4

I was writing some templated code to benchmark a numeric algorithm using both floats and doubles, in order to compare against a GPU implementation.

I discovered that my floating point code was slower and after investigating using Vtune Amplifier from Intel I discovered that g++ was generating extra x86 instructions (cvtps2pd/cvtpd2ps and unpcklps/unpcklpd) to convert some intermediate results from float to double and then back again. The performance degradation is almost 10% for this application.

After compiling with the flag -Wdouble-promotion (which BTW is not included with -Wall or -Wextra), sure enough g++ warned me that the results were being promoted.

I reduced this to a simple test case shown below. Note that the ordering of the c++ code affects the generated code.
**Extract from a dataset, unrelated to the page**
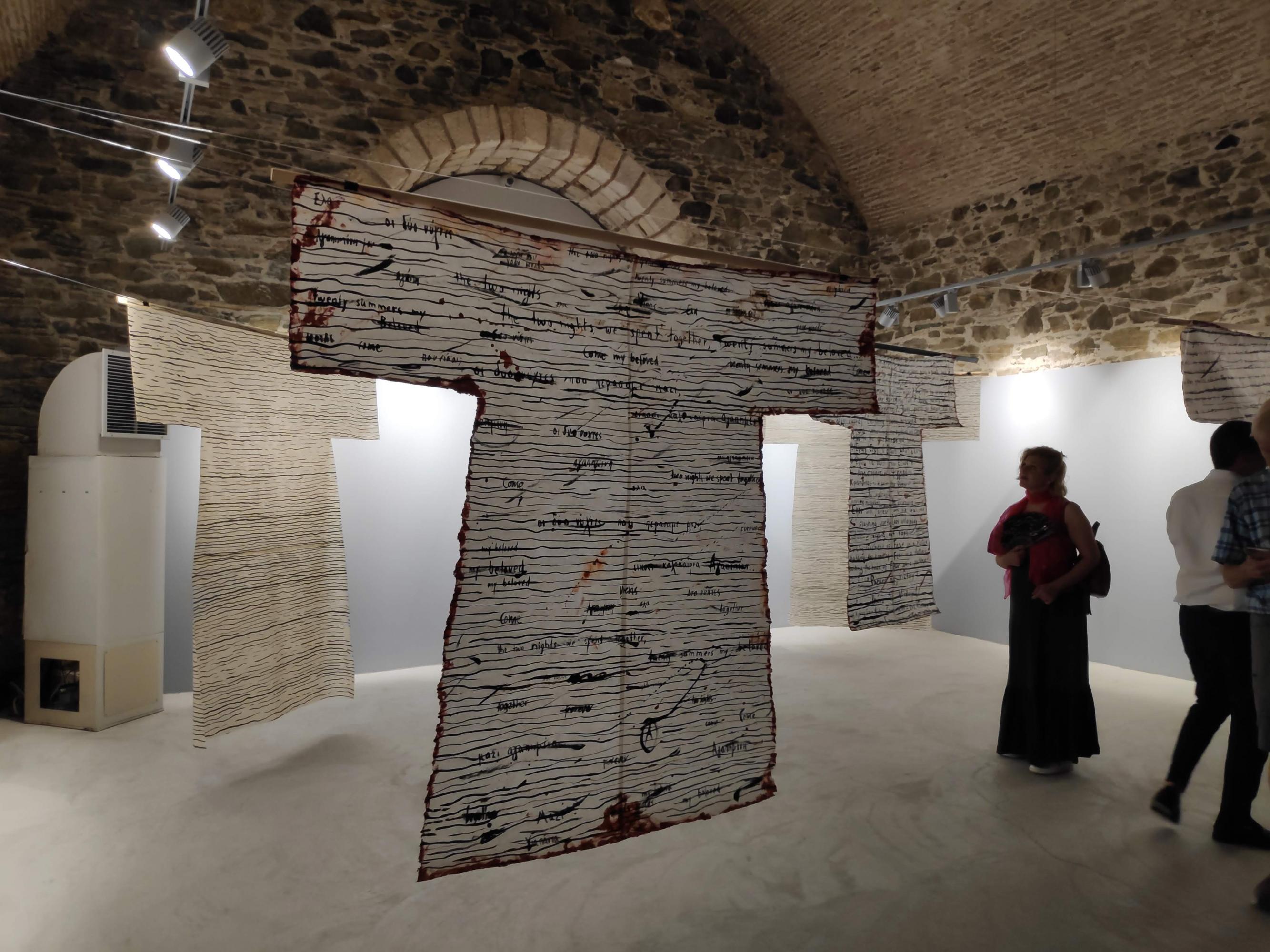 «Καλλιτέχνες όπως η Βένια Δημητρακοπούλου μας βοηθούν να καταλάβουμε τι γίνεται γύρω μας, να δούμε μπροστά, να βρούμε νέες λέξεις και να τις βάλουμε σε σειρά για να περιγράψουμε αυτό που βλέπουμε, να προσέχουμε αυτό που μετράει, να φανταζόμαστε και να βάζουμε νέους στόχους», σημείωσε στον χαιρετισμό του ο Ιταλός Πρέσβης κ. Marras.

The compound statement (T d1 = log(r)/r;) produces a warning, whilst the separated version does not (T d = log(r); d/=r;).

The following was compiled with both g++-4.6.3-1ubuntu5 and g++-4.7.3-2ubuntu1~12.04 with the same results.

Compile flags are:

g++-4.7 -O2 -Wdouble-promotion -Wextra -Wall -pedantic -Werror -std=c++0x test.cpp -o test

#include <cstdlib>
#include <iostream>
#include <cmath>

template <typename T>
T f()
{
        T r = static_cast<T>(0.001);

        // Gives no double promotion warning
        T d = log(r);
        d/=r;
        // Promotes to double
        T d1 = log(r)/r;

        return d+d1;
}

int main()
{
        float f1 = f<float>();
        std::cout << f1 << std::endl;
}

I realise that the c++11 standard allows the compiler discretion here. But why does the order matter?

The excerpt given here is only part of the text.